• Task brief
The answer should match the entries that follow exactly, except that no image appears in it.

• Supplied material
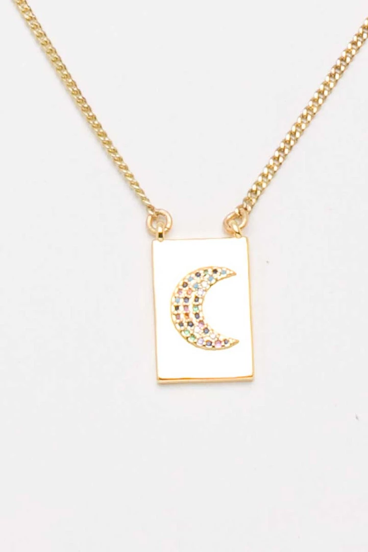 A little piece of the natural world has never looked so pretty. Pavé Dog Tag Charm Necklace features a detailed crescent moon made from rainbow pavé stones set in gold-plated brass. It’s small but detailed enough to make a big statement.
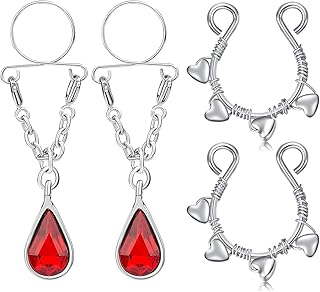 2 Paar Fake Brustwarzenpiercing Nippelring Chirurgenstahl Non Piercing Brustwarzen Ring Schmuck mit Anhänger
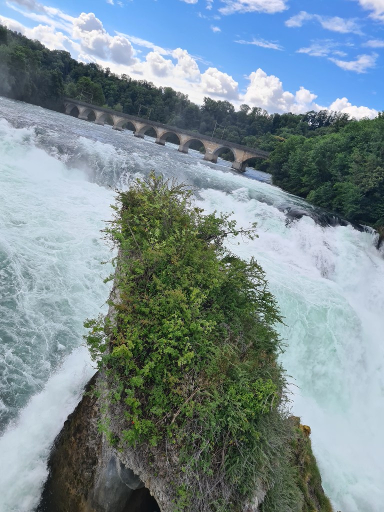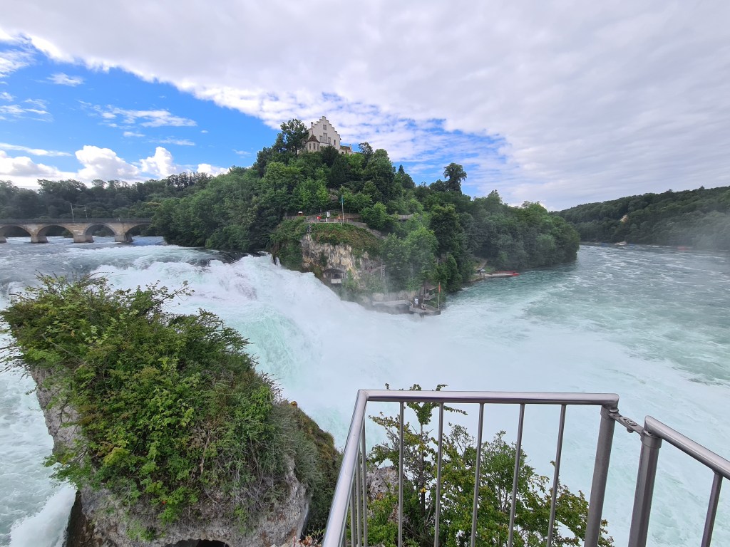 Un rocher émerge au centre des masses bouillonnantes, bravant les éléments depuis des millénaires. Un bateau emmène les visiteurs sur le Rhin, leur permettant d’accéder à cet îlot escarpé situé pratiquement au coeur des chutes et d’observer ce spectacle naturel de tout près sur des plate-formes construites en partie au-dessus des eaux bouillonnantes. Les châteaux de Wörth et de Laufen sont également accessibles en bateau. Les plus audacieux peuvent même louer des canoës.
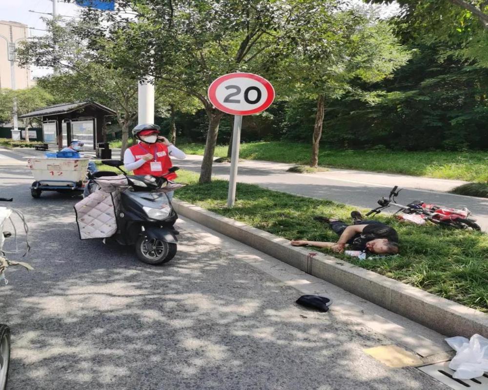 8月25日下午13時左右,集團志愿者服務隊第一組成員建盛公司員工趙斌在趕往翠月花園志愿者服務點途中,經過萬福東路“名城運河錦園”南門時,突然聽到對面車道傳來“嘭”的一聲,一名騎電動車的男子突然倒下,走近后發(fā)現,該男子面部朝地摔在了馬路邊上的綠化帶中,滿臉是血,已無法站立。
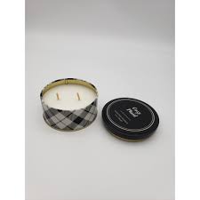 This cute black and white plaid tin candle is scented in Cozy Plaid. the candle is 3.5oz. Lead free wick.

• Problem solution
 A little piece of the natural world has never looked so pretty. Pavé Dog Tag Charm Necklace features a detailed crescent moon made from rainbow pavé stones set in gold-plated brass. It’s small but detailed enough to make a big statement.
 2 Paar Fake Brustwarzenpiercing Nippelring Chirurgenstahl Non Piercing Brustwarzen Ring Schmuck mit Anhänger
 Un rocher émerge au centre des masses bouillonnantes, bravant les éléments depuis des millénaires. Un bateau emmène les visiteurs sur le Rhin, leur permettant d’accéder à cet îlot escarpé situé pratiquement au coeur des chutes et d’observer ce spectacle naturel de tout près sur des plate-formes construites en partie au-dessus des eaux bouillonnantes. Les châteaux de Wörth et de Laufen sont également accessibles en bateau. Les plus audacieux peuvent même louer des canoës.
 8月25日下午13時左右,集團志愿者服務隊第一組成員建盛公司員工趙斌在趕往翠月花園志愿者服務點途中,經過萬福東路“名城運河錦園”南門時,突然聽到對面車道傳來“嘭”的一聲,一名騎電動車的男子突然倒下,走近后發(fā)現,該男子面部朝地摔在了馬路邊上的綠化帶中,滿臉是血,已無法站立。
 This cute black and white plaid tin candle is scented in Cozy Plaid. the candle is 3.5oz. Lead free wick.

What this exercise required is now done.